Tinybird implementation:

Target data source (datasources/user_metrics_hourly.datasource):

user_metrics_hourly.datasource
DESCRIPTION >
    Hourly aggregated user metrics with state functions

SCHEMA >
    `hour` DateTime,
    `user_id` UInt32,
    `event_count` AggregateFunction(count, UInt64),
    `unique_events` AggregateFunction(uniq, String)

ENGINE "AggregatingMergeTree"
ENGINE_PARTITION_KEY "toYYYYMM(hour)"
ENGINE_SORTING_KEY "hour, user_id"

Materialized view (materializations/user_metrics_hourly.pipe):

user_metrics_hourly.pipe
DESCRIPTION >
    Incremental materialization of user metrics

NODE hourly_aggregation
SQL >
    SELECT
        toStartOfHour(timestamp) AS hour,
        user_id,
        countState() AS event_count,
        uniqState(event_type) AS unique_events
    FROM user_events
    GROUP BY hour, user_id

TYPE MATERIALIZED
DATASOURCE user_metrics_hourly

Learn more about materialized views.

Refreshable Materialized Views → Copy Pipes

ClickHouse refreshable materialized views become Tinybird copy pipes with scheduling.

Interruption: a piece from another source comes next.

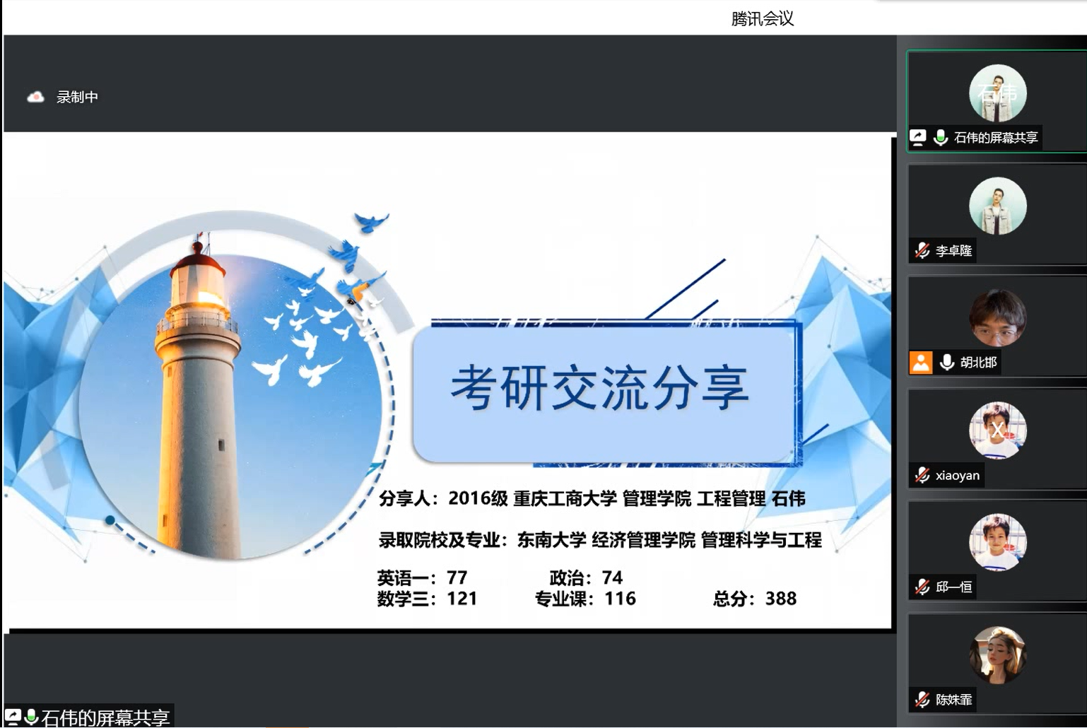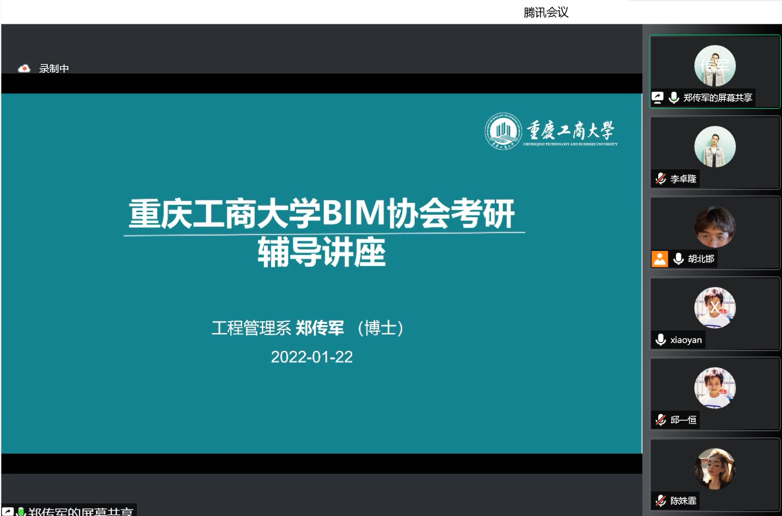 为了正确引导工程管理本科生考研并合理规划未来人生发展, 2022年2月12日,太阳成集团tyc539BIM协会于线上举办了主题为“研选之子,以梦为马”的考研辅导讲座。本次活动的参会嘉宾有工程管理系主任肖艳老师,副主任梁桂保老师,郑传军博士以及工程管理系石伟、唐仁凤、周迎澳三位校友。

ClickHouse refreshable materialized view:

ClickHouse refreshable materialized view
CREATE MATERIALIZED VIEW daily_user_summary
REFRESH EVERY 1 HOUR
ENGINE = MergeTree()
ORDER BY (date, user_id)
AS SELECT
    toDate(timestamp) AS date,
    user_id,
    count() AS total_events,
    countDistinct(event_type) AS unique_event_types
FROM user_events
GROUP BY date, user_id;

Tinybird implementation:

Target Data Source (datasources/daily_user_summary.datasource):

daily_user_summary.datasource
DESCRIPTION >
    Daily user activity summary

SCHEMA >
    `date` Date,
    `user_id` UInt32,
    `total_events` UInt64,
    `unique_event_types` UInt64

ENGINE "MergeTree"
ENGINE_PARTITION_KEY "toYYYYMM(date)"
ENGINE_SORTING_KEY "date, user_id"

Copy Pipe (copies/daily_user_summary.pipe):

daily_user_summary.pipe
DESCRIPTION >
    Hourly copy job for daily user summaries

NODE daily_aggregation
SQL >
    SELECT
        toDate(timestamp) AS date,
        user_id,
        count() AS total_events,
        countDistinct(event_type) AS unique_event_types
    FROM user_events
    GROUP BY date, user_id

TYPE COPY
TARGET_DATASOURCE daily_user_summary
COPY_SCHEDULE "0 * * * *"  -- Every hour

Learn more about copy pipes.

Schema evolution

Evolving your schema in Tinybird is handled through deployments. Edit your .datasource or .pipe files and deploy changes:

# Validate changes before deploying
tb deploy --check

# Deploy changes
tb deploy

Tinybird automatically handles backfills and schema migrations based on your changes.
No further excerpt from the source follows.